18F-FDG Positron Emission Tomography/Computed Tomography in the Diagnosis and Post-Therapeutic Treatment in a Patient with an Early Stage of Retroperitoneal Fibrosis.

UNLABELLED: Here, we report an experience about 18F-FDG-PET/CT in a patient with an early stage of Idiopathic Retroperitoneal Fibrosis (IRF). At the diagnosis Contrast Enhanced Computed Tomography (CE-CT) revealed periaortic solid tissue in the infrarenal section and locoregional lymph nodes; findings were interpreted as lymphomatous tissue. 18F-FDG-PET/CT showed elevated 18F-FDG uptake in the periaortic tissue but no uptake was detected in lymph nodes. The histologic examination showed recent-onset IRF. The patient began corticosteroid therapy. Nearly at the end of the therapy, CE-CT showed the enlargement of the fibrous tissue and 18F-FDG-PET/CT showed an increased 18F-FDG uptake in the aforesaid lesion and another area of uptake in the aortic wall. 18F-FDG-PET/CT can play an important role in the diagnosis of patients with an initial clinical suspicion of retroperitoneal fibrosis and in their management. Then the patient began a therapy with methotrexate and after six months we performed an 18F-FDG-PET/CT which didn't show 18F-FDG uptake. CONFLICT OF INTEREST: None declared.

INTRODUCTION

Idiopathic Retroperitoneal Fibrosis (IRF) is a rare disease (incidence between 40 and 60 years; M:F=2:1), defined as a connective-tissue disorder, characterized by the development of fibro-inflammatory tissue in retroperitoneum (1,2).
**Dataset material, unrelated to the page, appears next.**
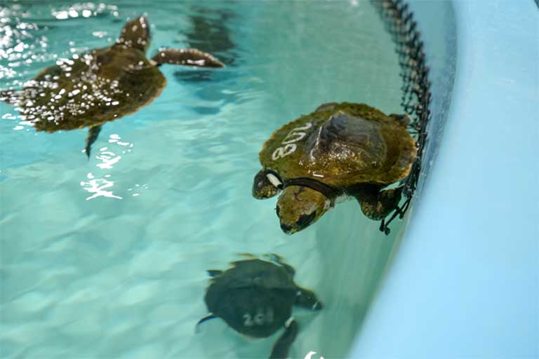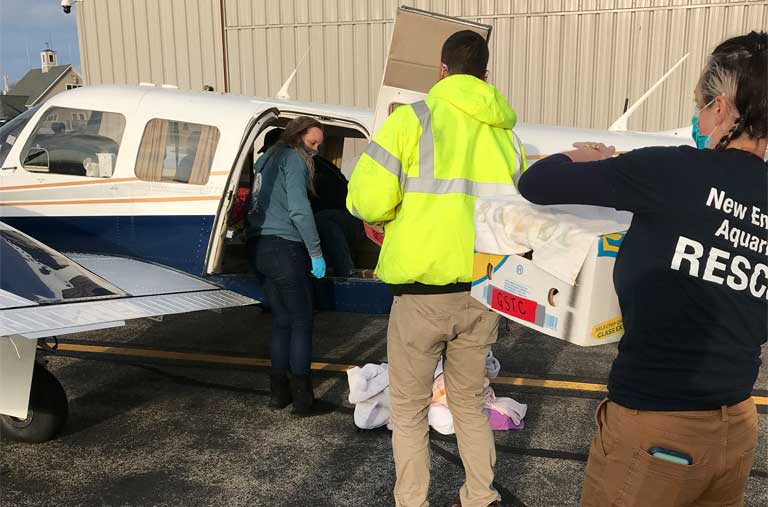 It might be many months before a turtle is ready for release back to the ocean. At the Aquarium’s facility, the aim is to stabilize the turtles as quickly as possible. Once they can swim and dive in 70-plus degree Fahrenheit water, the turtles are cleared for travel and veterinarians work with the National Oceanic and Atmospheric Administration’s (NOAA) Fisheries Service to identify other facilities located across the U.S. for longer term care. Transport volunteers include private pilots with the non-profit Turtles Fly Too, who take the turtles where they need to go.

It is an insidious disease, which could be initially silent, or characterized by non-specific and/or systemic symptoms, sometimes associated with local ones due to the entrapment of retroperitoneal structures. It mostly manifests itself locally through abdominal and back pain (1,2).

Here, we report an experience about 18F-FDG-Positron-Emission-Tomography/Computed-Tomography (18F-FDG-PET/CT) in the diagnosis and post-therapeutic evaluation in a patient with an early stage of IRF.

CASE REPORT

A 43-year-old man came at our attention for cramp-like abdominal pain not responding to anti-inflammatory or anti-spastic therapies. Blood and urine tests were normal. One month later a contrast-enhancement computed-tomography (CE-CT) revealed the presence of periaortic solid tissue in the infrarenal section (thickness: 14 mm; longitudinal extension: 46 mm; 48-73 HU) and locoregional lymph nodes (Figure 1A).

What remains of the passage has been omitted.